Петучини опять причмокнул — на сей раз дольше и красивее прежнего:

— Скажите, вы сами видели труп? Потому что очень часто старики выдумывают всякие истории. Знаете, сколько раз мы слышали такие рассказы, а потом оказывалось, что всё это пустая болтовня путаников, которым не хватает экшена!

— Я видела ее!

— Расскажите нам еще раз, что вы здесь делаете в такое время.

— Макс Райхенштейн — мой дедушка — позвонил и попросил приехать, чтобы помочь ему справиться с этим делом.

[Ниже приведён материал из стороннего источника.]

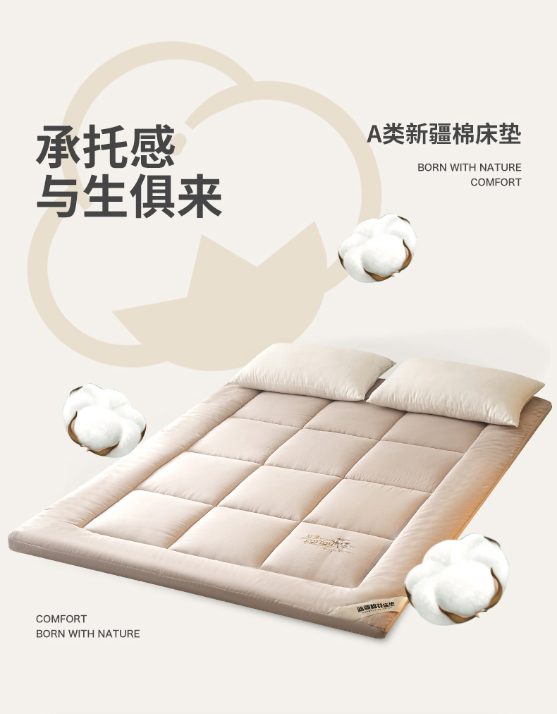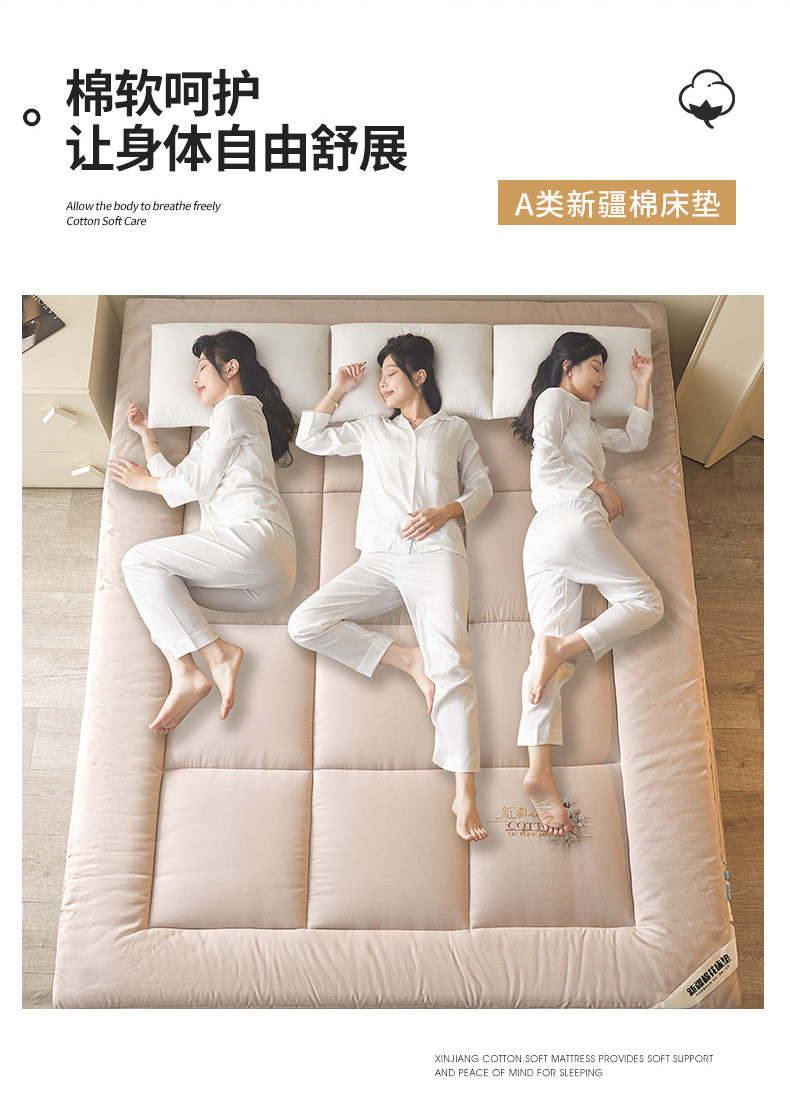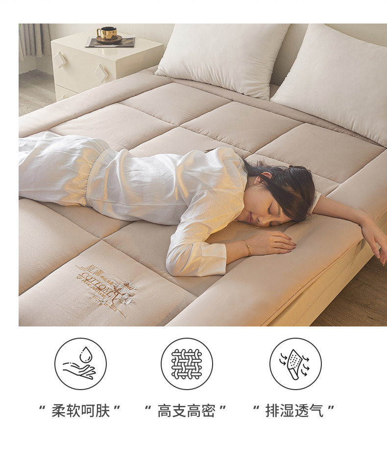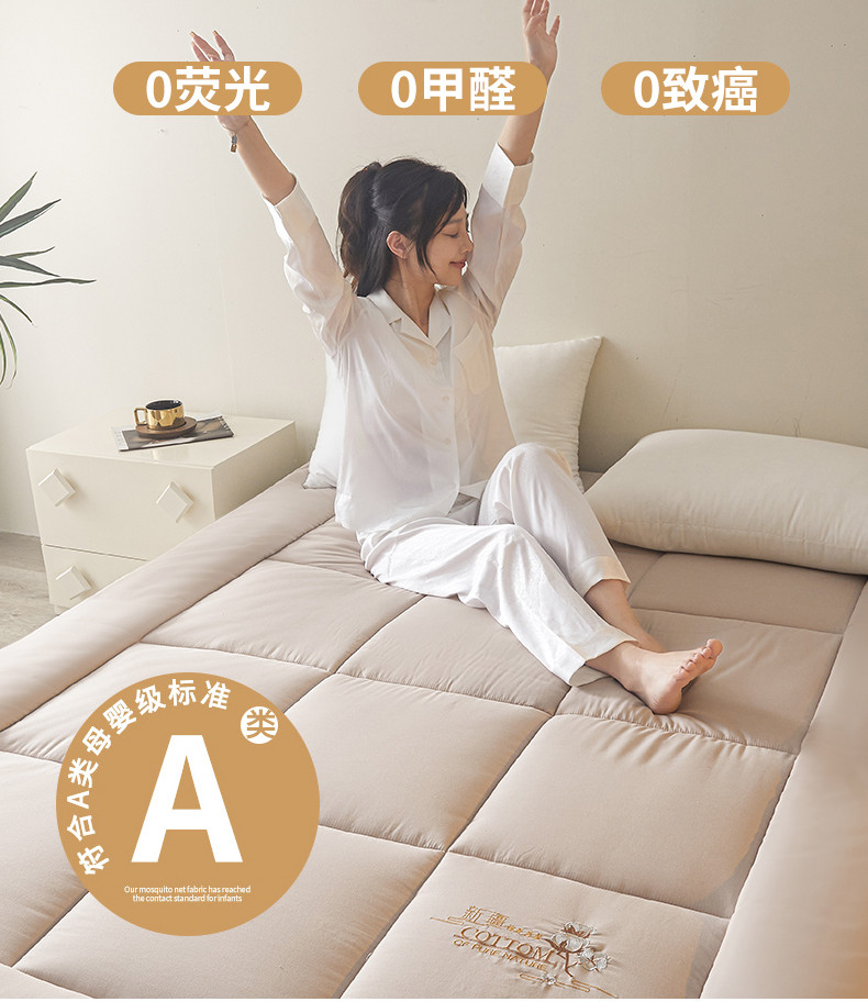 100%新疆棉花全棉棉花床垫软垫棉絮垫子床褥垫子学生单人垫被全棉包检测,米色

— Справиться с этим делом. Понятно. Что вы делали перед тем, как он позвонил?

— Это важно?!

— Позвольте мне решать, что важно. Итак?

— Какая вам разница?

— Когда речь идет об убийстве всё важно.

— Я трахалась. Что дальше?

Бородавка на щеке у Гуся сделалась фиолетовой. Он уставился на меня так, будто я только что взяла на себя ответственность за кишиневские погромы. Подумаешь! Просили ответ — получили ответ.

Петучини пришел в себя и снова стал сыпать вопросами.

— Мы вас поняли. А где дедушка?

— Там, рядом с трупом. Пожалуйста, будьте с ним помягче. Он старый. Ему нельзя волноваться.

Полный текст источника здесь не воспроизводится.